*REQUIREMENT:* Your task is to transcribe exactly, and only, the lines running from the one with "Mladi srpski umetnici: Nenad" to the end of the listing below, inclusive, with every picture left out.

*RECORDED DATA:*
○ ○ ○
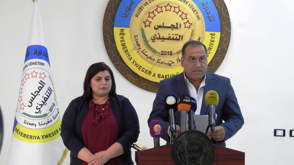 ROJAVA – Tüm dünyayı tehdit eden Covid-19 (Koronavirüs) pandemisine ilişkin Reqa’daki Özerk Yönetim binasında basın toplantısı düzenleyen Kuzey ve Doğu Suriye Özerk Yönetimi Yürütme Meclisi Eşbaşkanları Abid Hamid El-Mihbaş, Bêrîvan Xalid, Kuzey ve Doğu Suriye halkının sağlığını korumanın öncelikli görevleri olduğuna dikkat çekti. Açıklamanın Arapçası Abid Hamid El-Mihbaş, Kürtçesi ise Bêrîvan Xalid tarafından okundu.
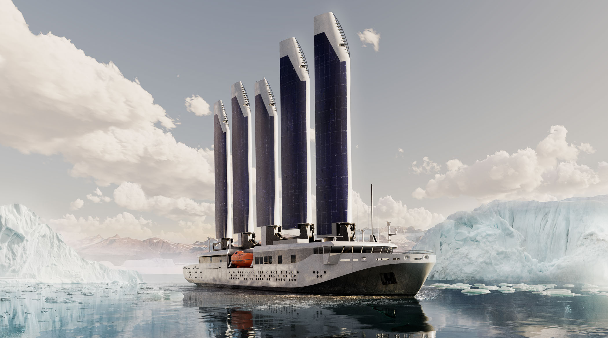 Het schip zal vrijwel energieneutraal varen met vijf 35 meter hoge aluminium zeilen, elk bedekt met 20.000 zonnepanelen. De energie daarvan wordt direct gebruikt of opgeslagen in batterijen. De zeilen kunnen worden ingetrokken wanneer ze niet nodig zijn. Door gebruik te maken van wind- en zonne-energie is het schip ook stil, wat de impact op het zeeleven minimaliseert.
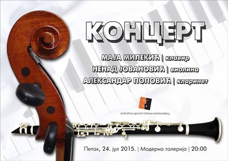 Mladi srpski umetnici: Nenad Jovanović, violina, Maja Milekić, klavir i Aleksandar Popović, klarinet, na poziv Kulturnog centra, u petak, 24. jula održaće koncert u Modernoj galeriji.
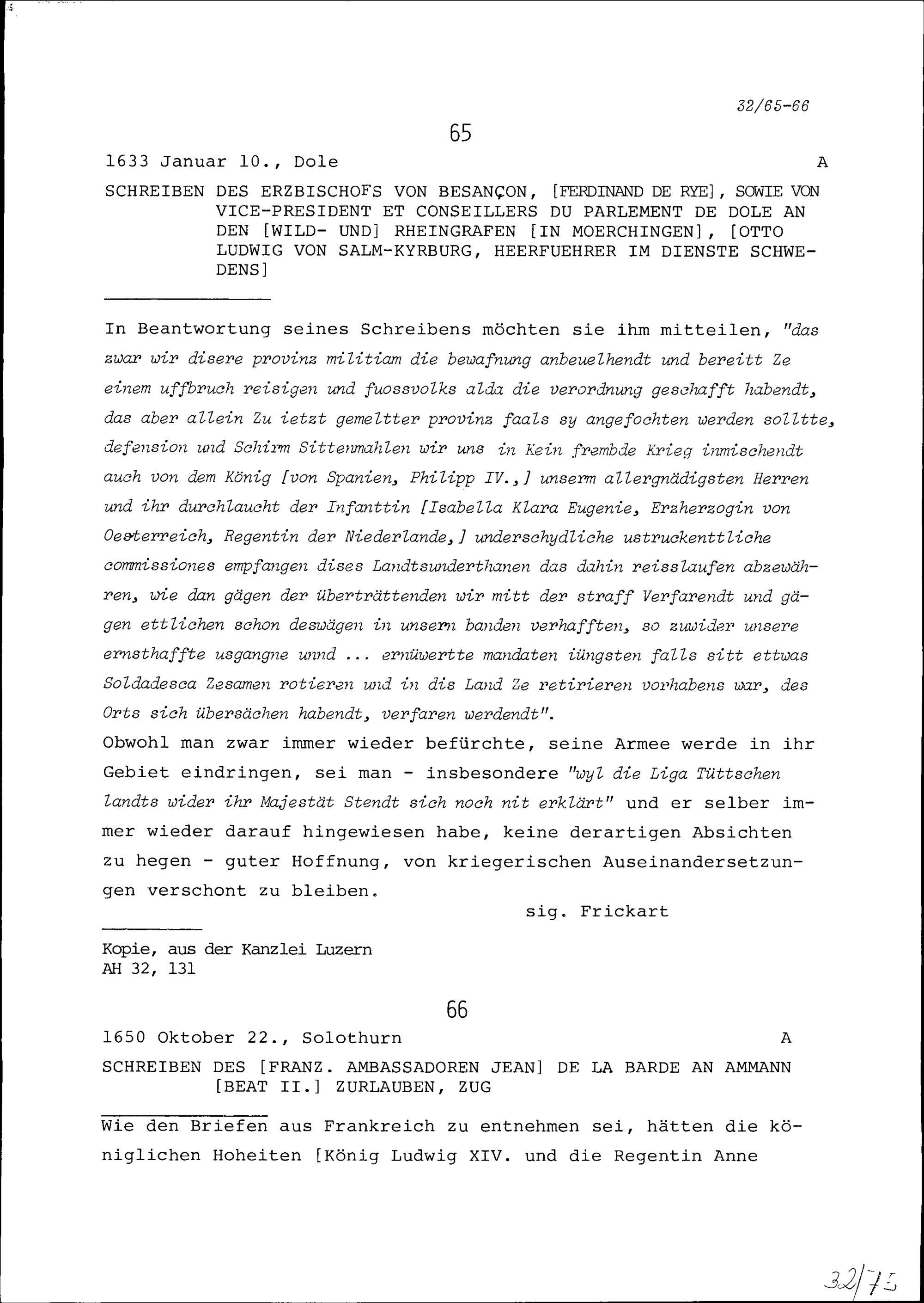 Schreiben von Ferdinand de Rye, Erzbischof von Besançon, sowie von Vizepräsident und Mitglied des Parlaments von Dole an Otto Ludwig von Salm-Kyrburg, Wild- und Rheingrafen in Mörchingen und Heerführer im Dienste Schwedens
○ ○ ○
*TASK RESULT:*
 Mladi srpski umetnici: Nenad Jovanović, violina, Maja Milekić, klavir i Aleksandar Popović, klarinet, na poziv Kulturnog centra, u petak, 24. jula održaće koncert u Modernoj galeriji.
 Schreiben von Ferdinand de Rye, Erzbischof von Besançon, sowie von Vizepräsident und Mitglied des Parlaments von Dole an Otto Ludwig von Salm-Kyrburg, Wild- und Rheingrafen in Mörchingen und Heerführer im Dienste Schwedens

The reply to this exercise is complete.